18. Some have accused parents or other adults who are concerned about online predators with raising a “moral panic” (pp. 108–9). Sales suggests in American Girls that this may be abdicating our responsibility as parents and adults to protect our children from inappropriate attention. The culture of social media promotes the making of connections between strangers, and there is ample evidence that strangers do avail themselves of their ability to contact children online. Sales was alarmed to hear stories from many girls about how they were approached on social media by adults. Have you talked to your daughter about unwanted attention from strangers online and how she should respond if it happens? What can we do as parents to keep our daughters from encountering these situations?

19. Sales believes that one way to change the culture of social media is to educate both girls and boys about the history of the women’s movement and feminism (pp. 373–74). She proposes that if more kids knew about women’s struggle to achieve equality and their historical fight for their rights, they might have a different view of sexism and sexual harassment in their own lives and on social media. Do you think school curricula should include more information about the history of women and girls in America? If yes, how can we encourage schools to address this issue?

20. Do you agree with Sales’s argument that members of the tech industry should take more responsibility for the abuse of their apps by users (pp. 134–35, 374)? What do you think we can do as parents and adults to get the leaders of Silicon Valley to be more engaged about the effects their products have on teenagers and children, especially girls? How can we get them to become more active in the fight against cyberbullying, sexual harassment, and the abuse of children and teenagers online?

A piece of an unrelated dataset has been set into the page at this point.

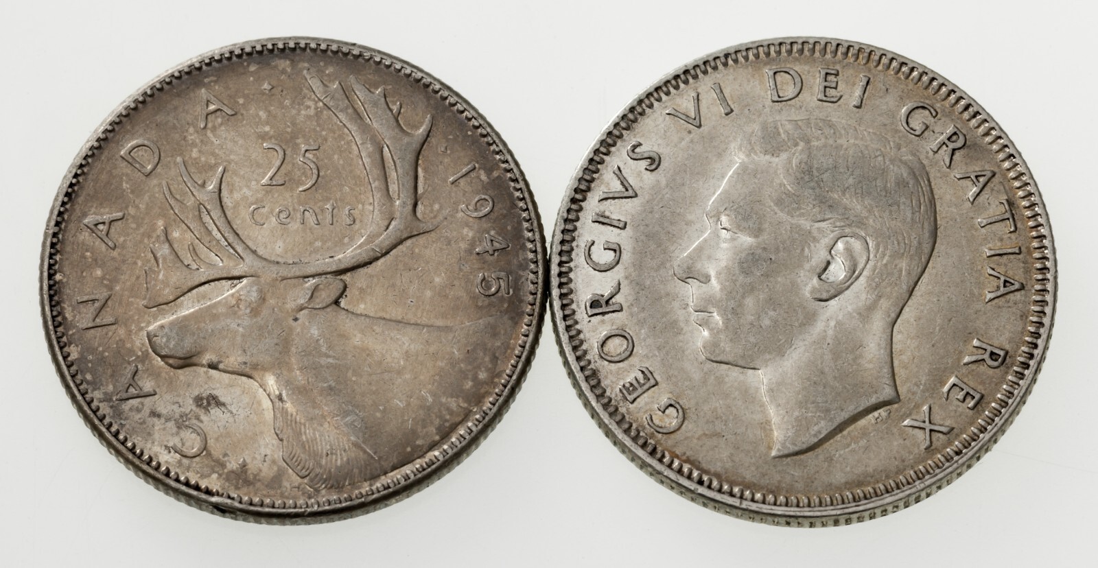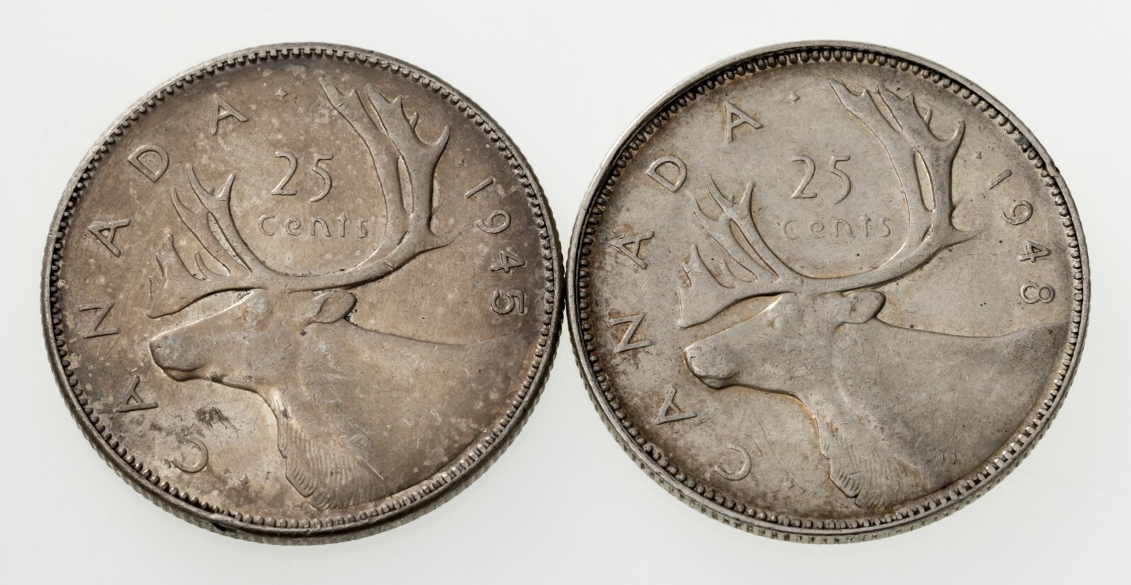 - Lot of 2 Canada 25 Cents coins (1945 25C AU and 1948 25C au) KM 35, 44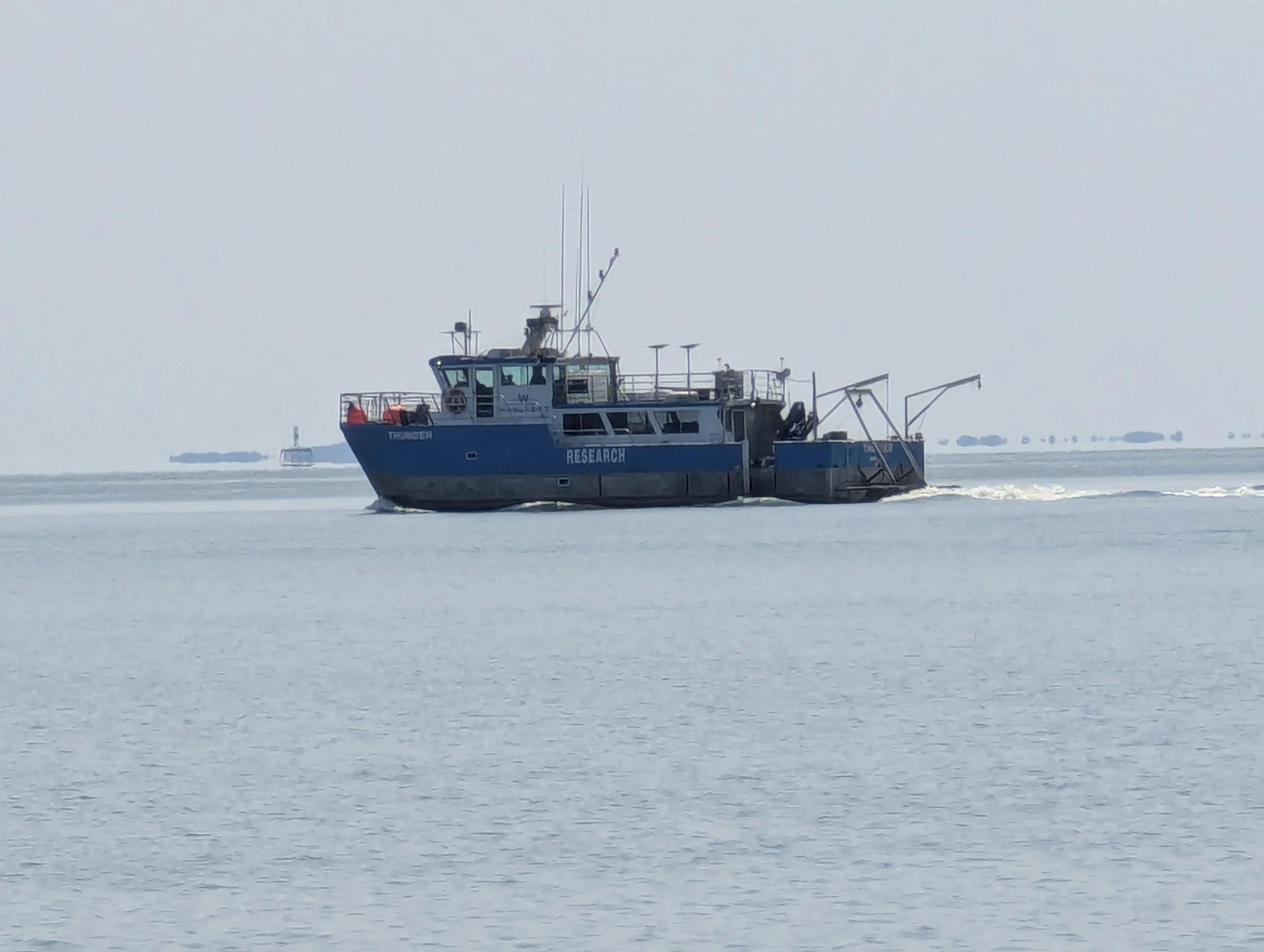 We saw Thunder, a research vessel, going back and forth in our area. We saw it yesterday as well, when we came in. Never quite figured out what it was doing. A quick Google search when we had signal didn't yield any answers. Anchor up at 11:30. Listened to the Liverpool v Brentford game on Sirius FC.

21. Many girls expressed to Sales a desire for guidance from their parents about what to do about experiences they had on social media, while also expressing trepidation about telling their parents what was really going on. If you were going to have a conversation with your daughter about her social media use, how would you begin? Do you feel this conversation should be ongoing? Could social media use be a part of the discussions you may already be having with her about alcohol and drug use and sexual behavior?